*** Opening of GIVEN DATA ***

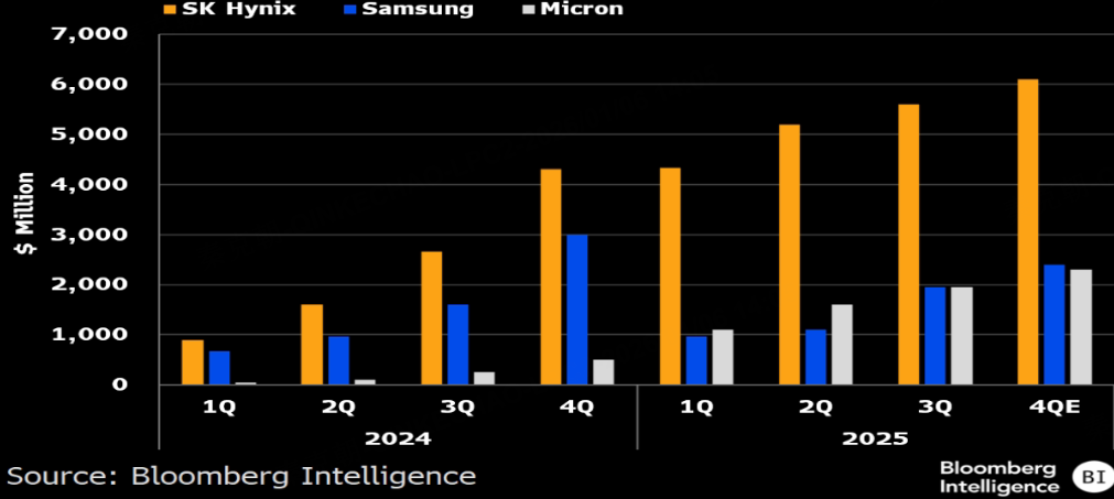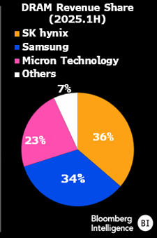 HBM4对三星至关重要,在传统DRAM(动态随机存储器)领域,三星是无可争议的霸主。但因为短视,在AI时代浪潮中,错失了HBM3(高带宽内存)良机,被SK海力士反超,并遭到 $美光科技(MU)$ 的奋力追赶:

*** Close of GIVEN DATA ***
*** Opening of GIVEN DATA ***

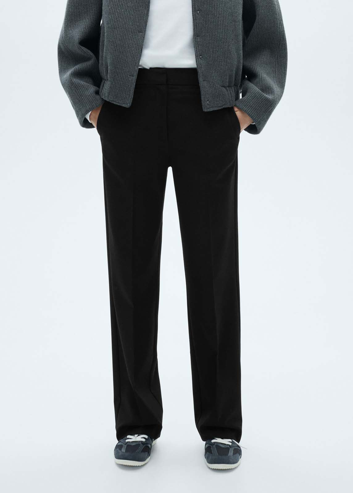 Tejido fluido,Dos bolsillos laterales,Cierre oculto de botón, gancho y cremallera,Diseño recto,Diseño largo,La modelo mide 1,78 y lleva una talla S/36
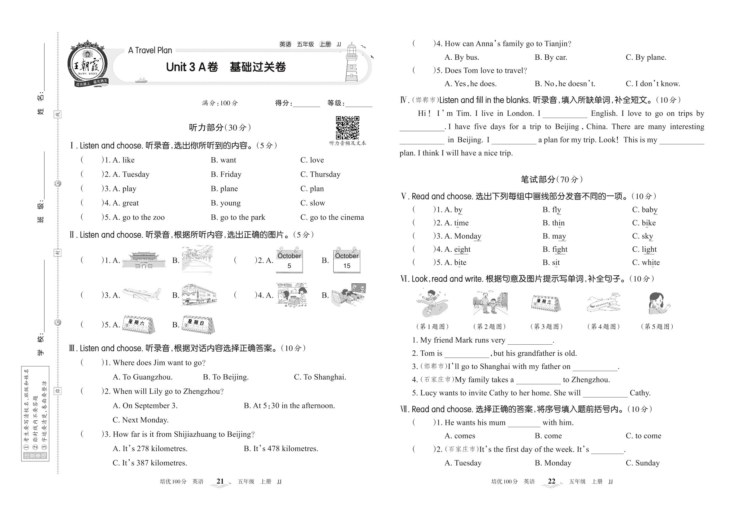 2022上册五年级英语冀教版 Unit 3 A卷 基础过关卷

*** Close of GIVEN DATA ***

■ DESCRIPTION OF THE TASK ■
Of the records above, print only the lines from the one containing "Tejido fluido,Dos bolsillos" through the one containing "2022上册五年级英语冀教版 Unit 3 A卷 基础过关卷", inclusive and unaltered, leaving out pictures.

■ RESULT FOR THIS TASK ■
 Tejido fluido,Dos bolsillos laterales,Cierre oculto de botón, gancho y cremallera,Diseño recto,Diseño largo,La modelo mide 1,78 y lleva una talla S/36
 2022上册五年级英语冀教版 Unit 3 A卷 基础过关卷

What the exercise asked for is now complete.